Requirement:
The answer is the full listing below, copied exactly, with its pictures omitted.

Data section:
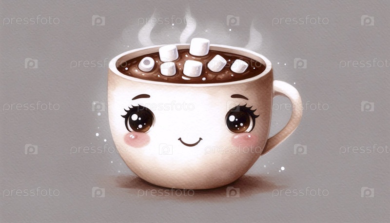 Уютная чашка какао акварель художественный печат, Ai A generated image
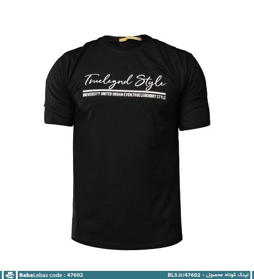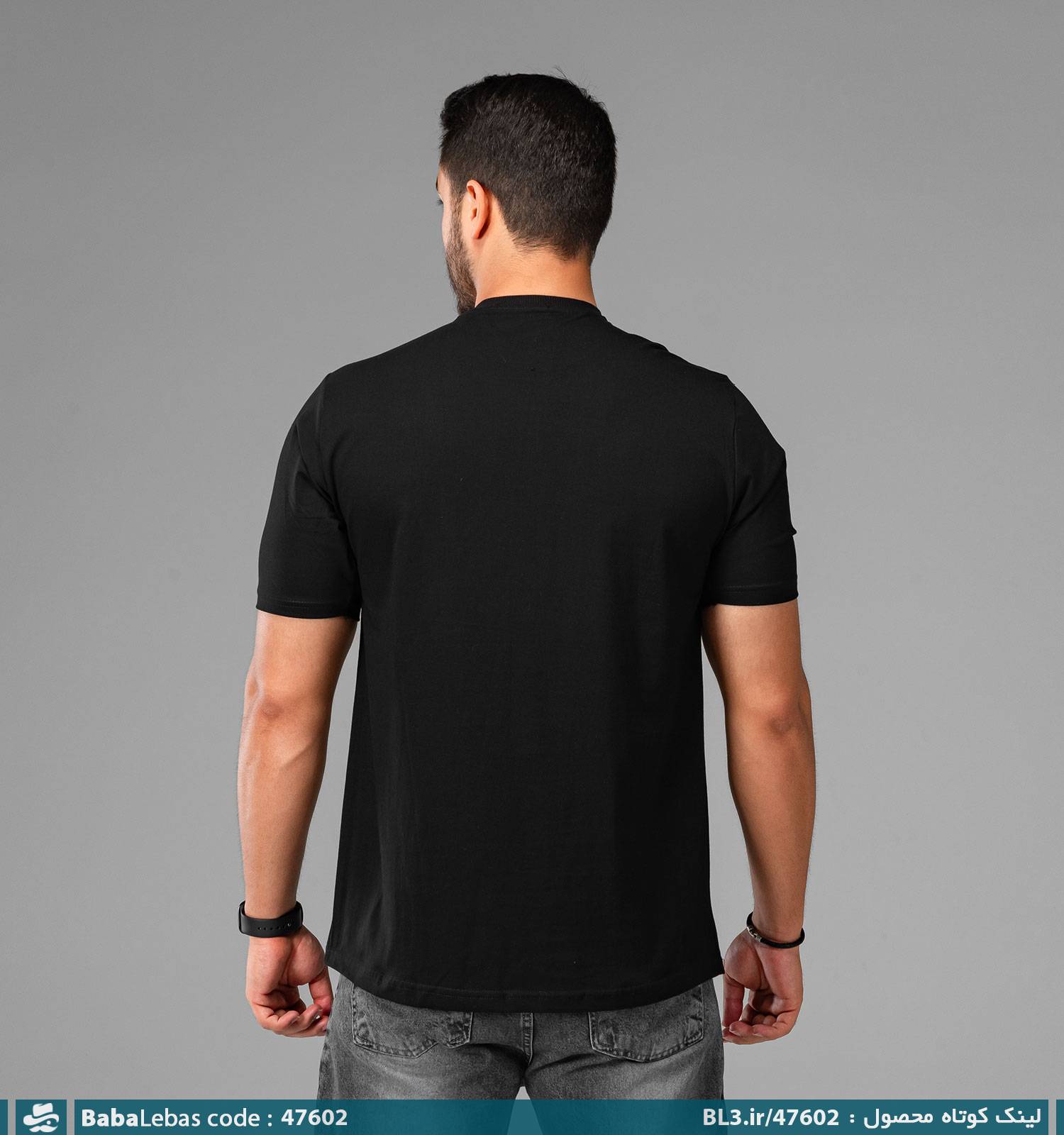 تیشرت یقه گرد مردانه مشکی فری استایل نخ پنبه طرح دار مدل 47602
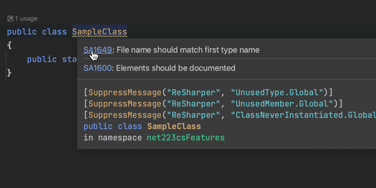 Rider 2022.3 中的代码高亮显示和波浪线得到了大修。 由于内部逻辑差异,Rider 曾经与 Microsoft Roslyn 的代码样式分析器发生冲突,导致其显示重叠高亮显示,在不同的位置绘制相同的高亮显示,或者双重波浪线。 大多数此类情况背后的逻辑差异现已得到解决,对于极少数异常,会提示错误并就如何解决冲突提出明确建议。

Reply:
 Уютная чашка какао акварель художественный печат, Ai A generated image
 تیشرت یقه گرد مردانه مشکی فری استایل نخ پنبه طرح دار مدل 47602
 Rider 2022.3 中的代码高亮显示和波浪线得到了大修。 由于内部逻辑差异,Rider 曾经与 Microsoft Roslyn 的代码样式分析器发生冲突,导致其显示重叠高亮显示,在不同的位置绘制相同的高亮显示,或者双重波浪线。 大多数此类情况背后的逻辑差异现已得到解决,对于极少数异常,会提示错误并就如何解决冲突提出明确建议。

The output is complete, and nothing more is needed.